(RSF/IFEX) – RSF has criticised South Korea for blocking access to about 30 North Korean propaganda websites. The organisation appealed for the week-old ban to be lifted in the name of free expression. But RSF called strong North Korean protests against the move hypocritical, since the Pyongyang regime forbids ordinary people from using the Internet […]
(RSF/IFEX) – RSF has criticised South Korea for blocking access to about 30 North Korean propaganda websites. The organisation appealed for the week-old ban to be lifted in the name of free expression. But RSF called strong North Korean protests against the move hypocritical, since the Pyongyang regime forbids ordinary people from using the Internet at all.
“The ban by the South is unacceptable but we call on the North to show the same tolerance it is demanding of the South and allow its citizens free access to the Internet.”
South Korean Telecommunications Minister Chung Dae-soon said the website blocking had been approved by an ethics committee under the National Security Law, which forbids the distribution of material supporting Pyongyang.

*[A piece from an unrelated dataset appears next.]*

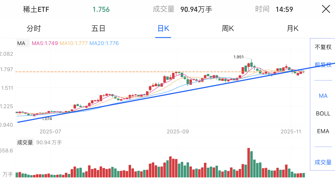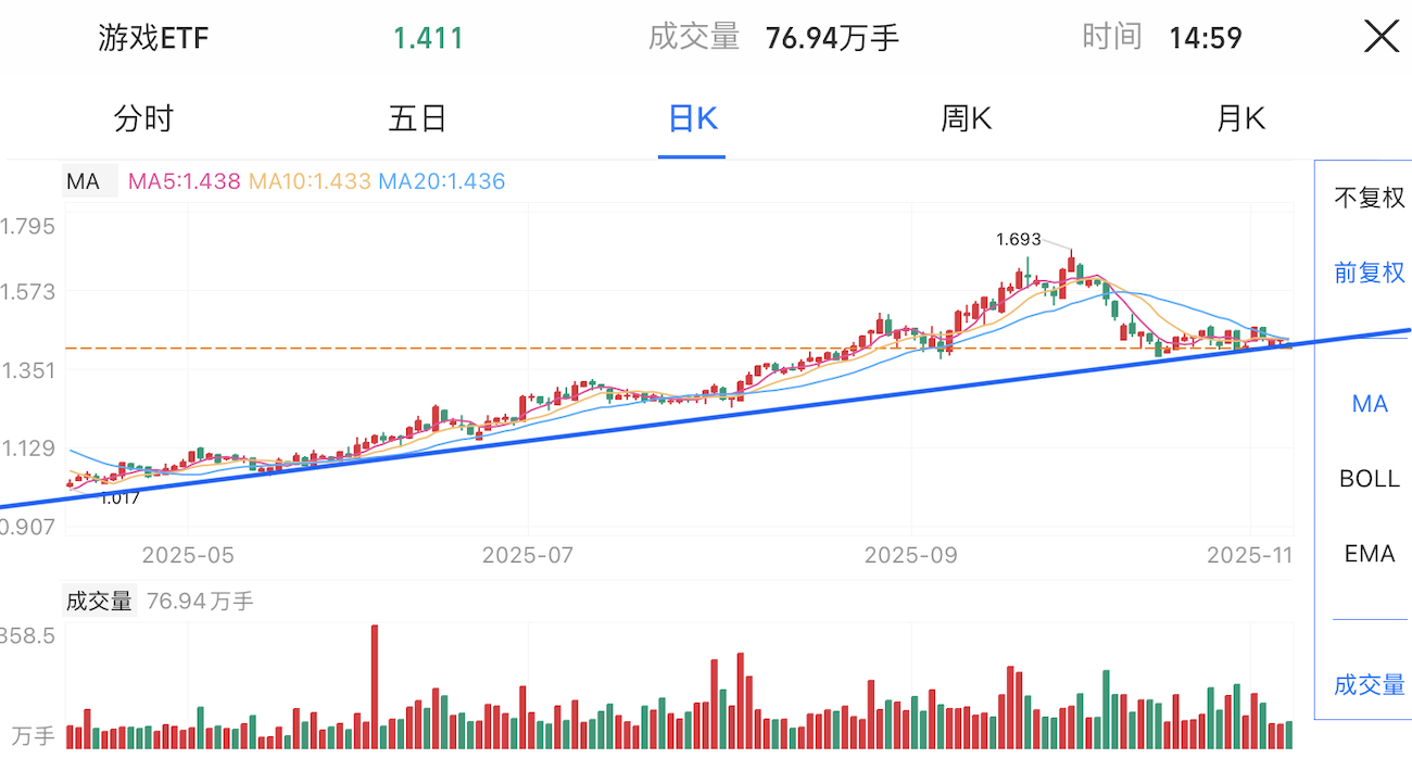 游戏和稀土在一波较大行情后回落,后力竭回落,目前在关键上涨趋势线附近徘徊,跌破则进入回调阶段,目前仍处于盘整期。
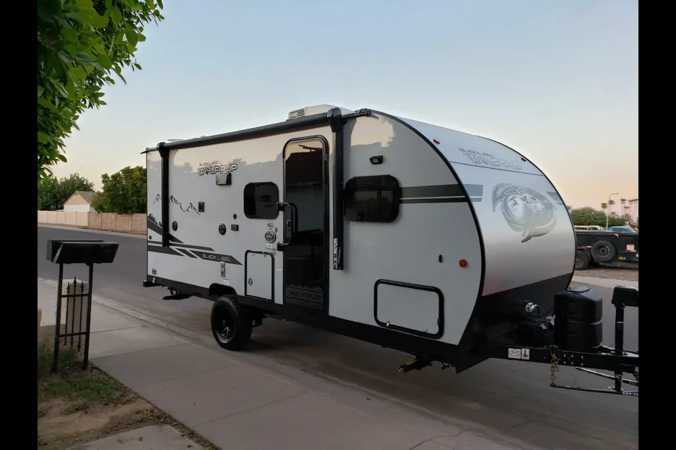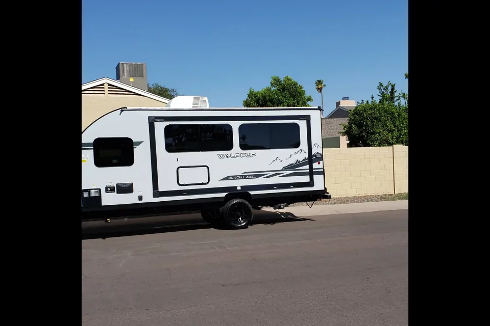 Black Label Wolf Pup Travel Trailer, light weight and easy to tow. Has indoor/outdoor speakers as well as TV hookups. Illuminated outdoor blue lights and an outdoor shower attachment to make rinsing off a breeze. Lots of indoor and outdoor storage. A/C and heat, microwave, 2-burner stove, fridge /freezer, toliet and shower.

The law has been used routinely to jail Communist journalists since its passage in 1948. Among the banned websites is that of the Kim Il-sung University (http://www.ournation-school.com).
The minister’s statement clashed with South Korean President Roh Moo-huyn’s recent declared intention to repeal the National Security Law.
The North Korean Telecommunications Ministry called the blocking “unprecedented fascist suppression [that is] quite contrary to the requirements of the information technology age.”
RSF noted that such remarks were ironic coming from one of the world’s harshest regimes where press freedom is concerned. North Korea does not permit any independent media and only a handful of privileged people in the country are allowed to use the Internet.